Tidy messes up charset

Hello,

I'm working on the Hungarian translation of the FreeBSD webpages, which 
are written in SGML/XSLT. After the sgmlnorm normalizes the sgml files, 
the output is processed by tidy with the following options:

-wrap 90 -m -raw -preserve -f /dev/null -asxml

As a result ® ™ and © are substituted wrongly if I use 
iso-8859-2 character set. When using utf-8, almost all entities 
(á etc.) show up up weirdly. The tidy help says:

 -raw                output values above 127 without conversion to entities

But the entities are actually substituted. If I disable tidy, everything 
is fine, but I need tidy to make the sources W3C valid. There are 
specific things (like custom SGML DOCTYPE declaration) that should be 
processed by tidy for validity. Could somebody tell me what I'm doing 
wrong?
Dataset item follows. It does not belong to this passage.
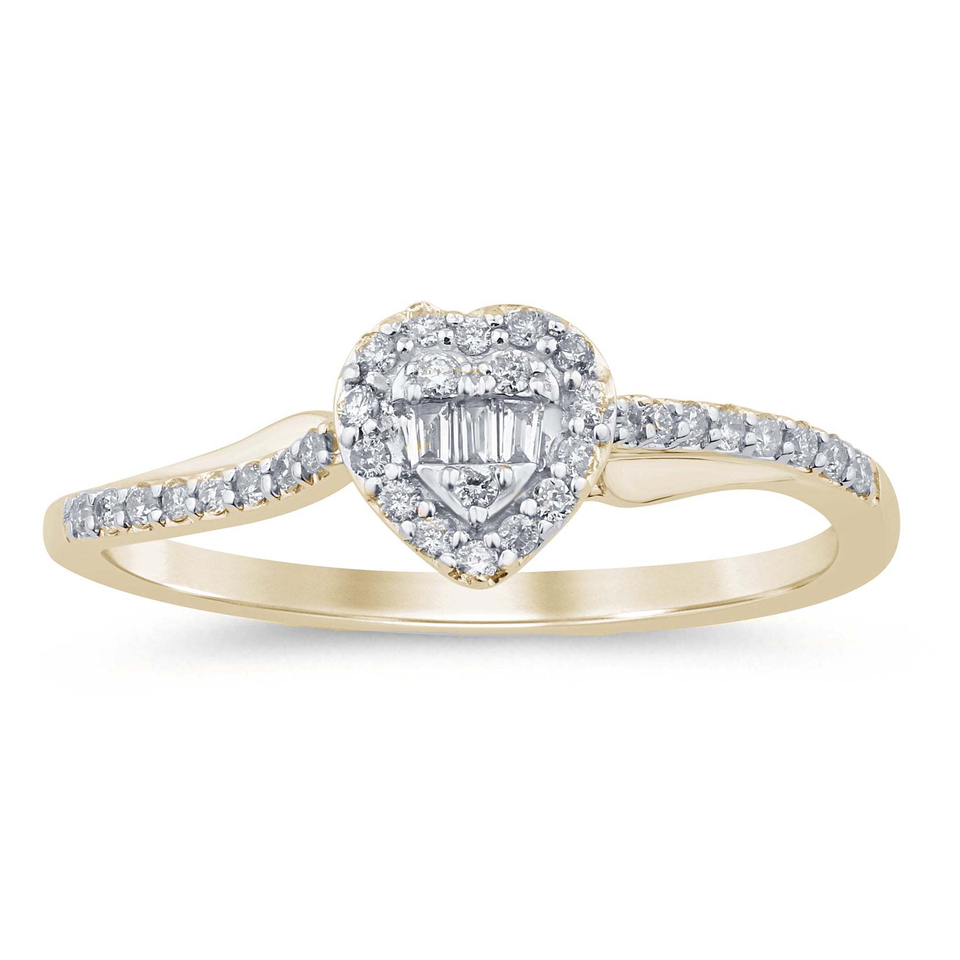 Muse Jewelry .16ct G SI 14K Yellow Gold Round & Baguette Diamond Engagement Ring Size 6.5

I can publish the SGML sources on demand or provide a log about 
the processing of those files.
The version that I use:
[root@server /usr/www/en]# tidy -v
HTML Tidy for FreeBSD released on 1 September 2005
I also experienced the same with the current CVS version.
Thanks in advance.

-- 
Cheers,

Gabor

P.S.: Please CC me when reply, since I'm not subscribed to the list.

Received on Sunday, 1 October 2006 03:09:12 UTC